Trovo questa naturale evoluzione delle cose decisamente noiosa quanto irrilevante. Me ne tengo alla larga, salvo rispettare le norme (quando ci sono) ed i codici di deontologia professionale (quello della EMCC – European Mentoring and Coaching Council nel mio caso). Ma oltre a questa diligenza non vado. Non prendo in considerazione nessun contributo ne attivo ne passivo a queste dimensioni.

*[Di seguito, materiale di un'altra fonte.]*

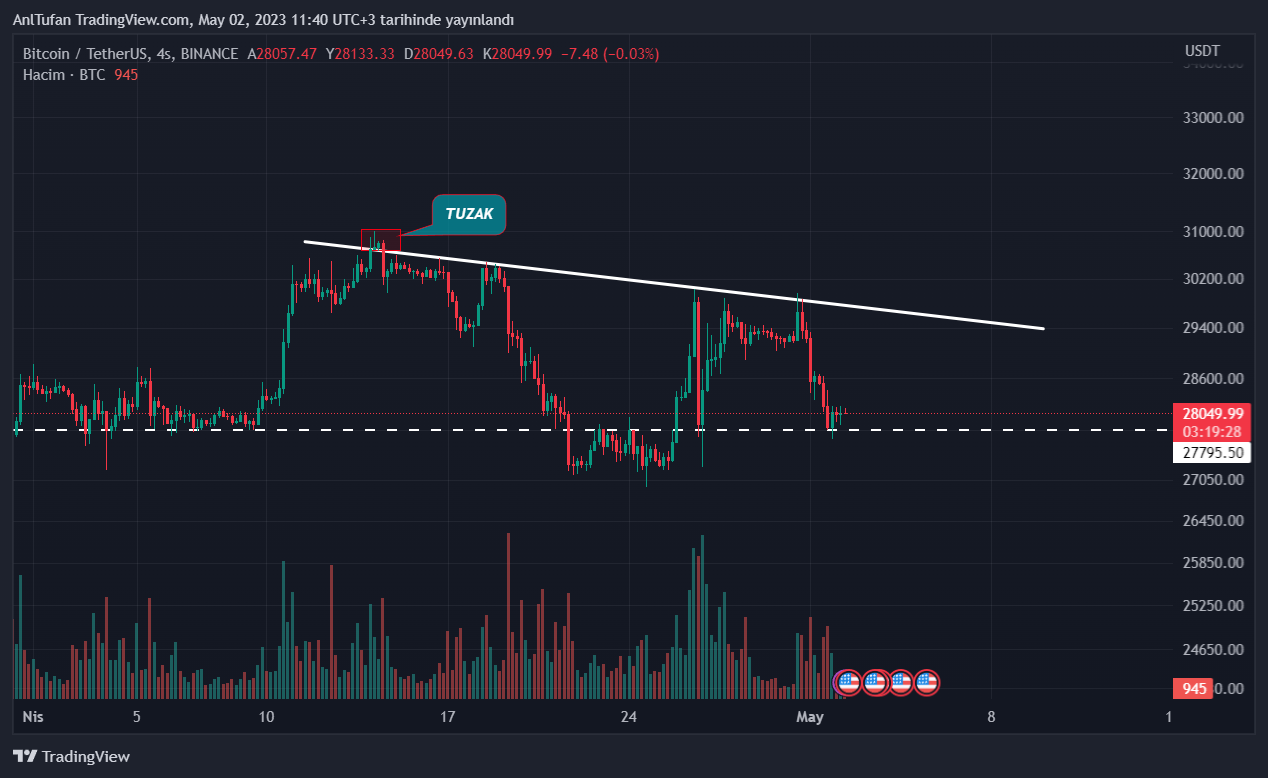 Şuan itibariyle Bitcoin her ne kadar 27.800 dolar destek bölgesinin alt trendi olan 27.200 dolara bir düşüş yaşamamış olsa da, 27.800 doların kaybedilmesi halinde 27.200 dolar seviyelerine bir düşüş meydana gelebilir.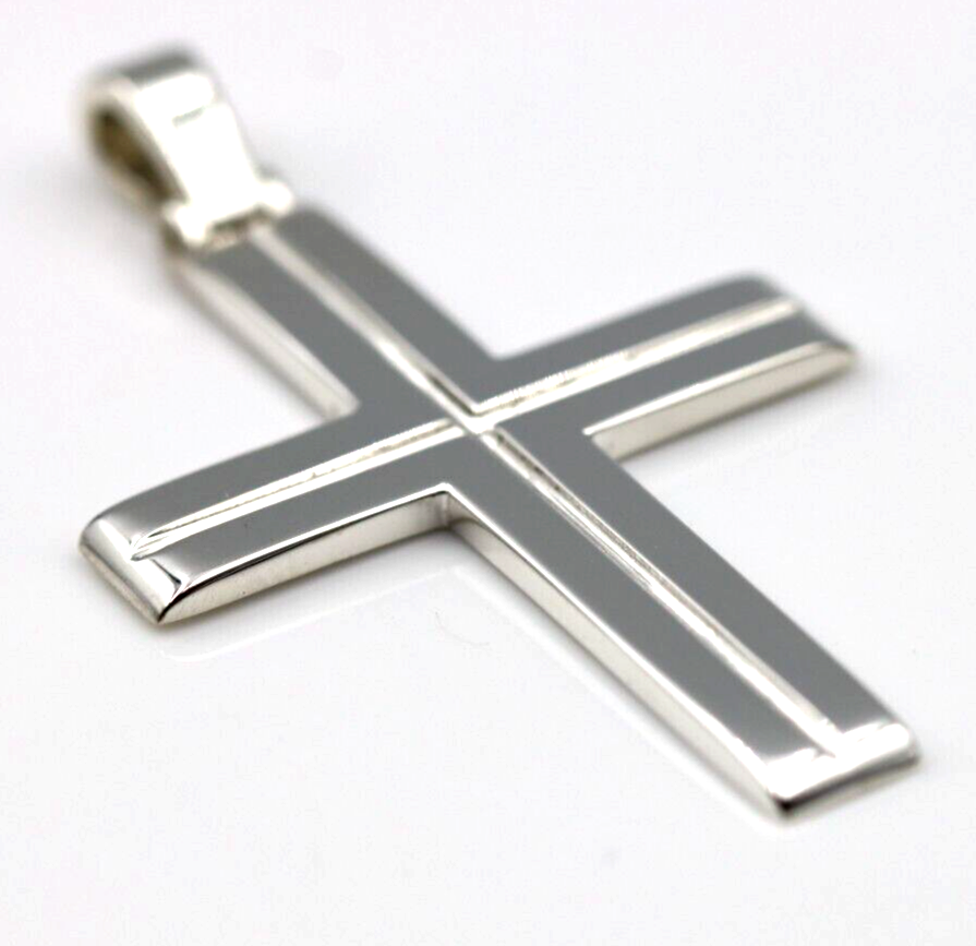 Genuine Large Ridged Sterling Silver 925 Cross Pendant

Posseggo una formidabile risorsa e due tecniche in cui sono profondamente confidente. La mia risorsa è il Coachee. La sua apertura al percorso di miglioramento e la sua consapevolezza che di questo e nient’altro si tratta. La sua dedizione ed il suo impegno. L’osservazione del progredire delle sue performance. Questa è la fonte da cui attingo la convinzione che sto facendo il mio mestiere di Coach E poi gli strumenti. La domanda. E l’ascolto. Passo ore con i miei Coachee ad ascoltare e a fare domande. E dunque nel dubbio ne faccio una in più, chiedo ancora una volta se lei, lui o loro stanno misurando e verificando progressi nella loro performance. Poi con grande piacere li ascolto e mi godo la risposta.